▶ _EXERCISE MATERIAL_
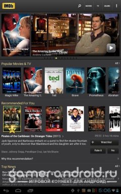 С IMDb Movies & TV у Вас будет возможность узнать расписание фильмов, телепередач. Вы сможете посмотреть трейлеры новинок или же просто просмотреть базу данных IMDb. В вашем распоряжении будет свыше 1.5 миллионов фильмов и телесериалов; свыше 3.2 миллионов актеров, актрис, режиссеров.
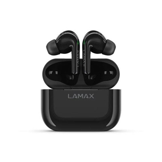 Bezprzewodowe słuchawki TWS, douszne, wytrzymałość 8h/1 ładowanie,całkowita, Całkowity czas słuchania: 40 godz., Czas ładowania etui od 0% do 100%: 2 godziny, Czas ładowania słuchawek od 0% do 100%: 1 godzina, etui ładujące, wskaźnik ładowania, kodeki AAC i SBC, obsługa asystentów, głosowych, zapasowe słuchawki, lub odrzucić połączenie., Łączność: USB-C, na słuchawce. Obu słuchawek można używać osobno. Można odebrać, zakończyć, Obsługiwane kodeki: AAC, SBC, Pojemność baterii słuchawek: 45 mAh, Pojemność baterii stacji ładującej: 500 mAh, Technologia bezprzewodowa: Bluetooth 5.1, Typ słuchawek: Douszne, true wireless, USB-C, technologia LAMAX BeatBass®, automatyczne parowanie, tryb gry, małe, Waga: 4 g (jedna słuchawka), 43 g (razem ze stacją ładującą), Wymiary stacji ładującej: 46 x 56 x 23 mm, wytrzymałość 40h, Bluetooth 5.1, zasięg do 10 metrów, sterowanie dotykowe,, Zintegrowany mikrofon. Sterowanie handsfree za pomocą powierzchni dotykowej
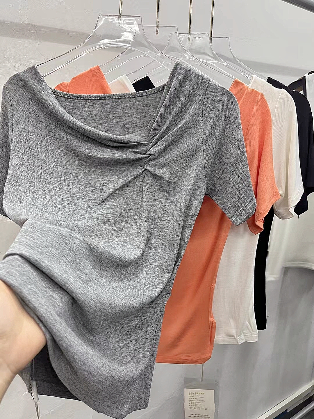 清仓特价C3346小心机斜V领短袖女装上衣夏季T恤【全店任3件包邮】
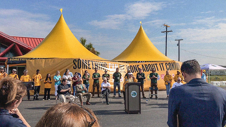 Poco después, un convoy de “Se PUEDE Hacer Algo al Respecto”, compuesto de ocho camiones grandes y una escolta de un auto policía y un camión de bomberos, viajaron tres días y noches desde Utah al aeropuerto del condado de Aransas. Aquí, los Ministros Voluntarios entregaron más de 200 toneladas de materiales de construcción a la ciudad de Rockport, todavía necesitando de suministros para reconstruir la infraestructura de la Ciudad.
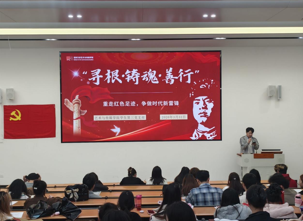 为传承红色基因、赓续精神血脉,弘扬新时代雷锋精神,推动党史学习教育与志愿服务实践深度融合,3月31日,艺术与传媒学院学生第三党支部在成都校区(东区)教学楼139教室举办“重走红色足迹,争做时代新雷锋”红色研学分享会。支部全体党员、入党积极分子参加会议。
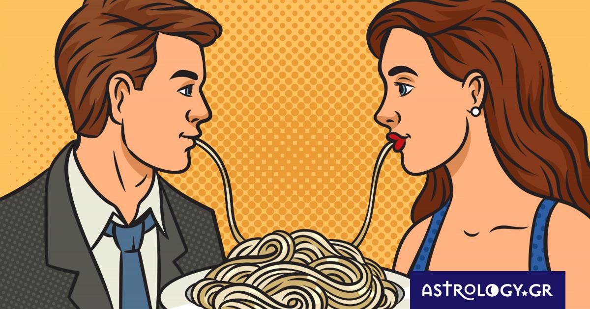 Δυο ερωτευμένα πιτσουνάκια που έχουν βγει για φαγητό. Είναι και οι δυο ρομαντικοί τύπου, έχουν μάτια μόνο ο ένας για τον άλλο και αποφασίζουν να μοιραστούν ένα μακαρόνι. Θυμίζουν λίγο μια σκηνή από την ταινία της Disney η Lady και ο αλήτης…Ψήφισε λίγο πιο κάτω και πες μας, τι ζώδια πιστεύεις ότι είναι ο άντρας και η γυναίκα της φωτογραφίας.

▶ _REQUIRED WORK_
For this exercise, please set down exactly the lines of the listing above from the line with "Poco después, un" up to and including the line with "为传承红色基因、赓续精神血脉", and no pictures.

▶ _RESULT FOR THIS EXERCISE_
 Poco después, un convoy de “Se PUEDE Hacer Algo al Respecto”, compuesto de ocho camiones grandes y una escolta de un auto policía y un camión de bomberos, viajaron tres días y noches desde Utah al aeropuerto del condado de Aransas. Aquí, los Ministros Voluntarios entregaron más de 200 toneladas de materiales de construcción a la ciudad de Rockport, todavía necesitando de suministros para reconstruir la infraestructura de la Ciudad.
 为传承红色基因、赓续精神血脉,弘扬新时代雷锋精神,推动党史学习教育与志愿服务实践深度融合,3月31日,艺术与传媒学院学生第三党支部在成都校区(东区)教学楼139教室举办“重走红色足迹,争做时代新雷锋”红色研学分享会。支部全体党员、入党积极分子参加会议。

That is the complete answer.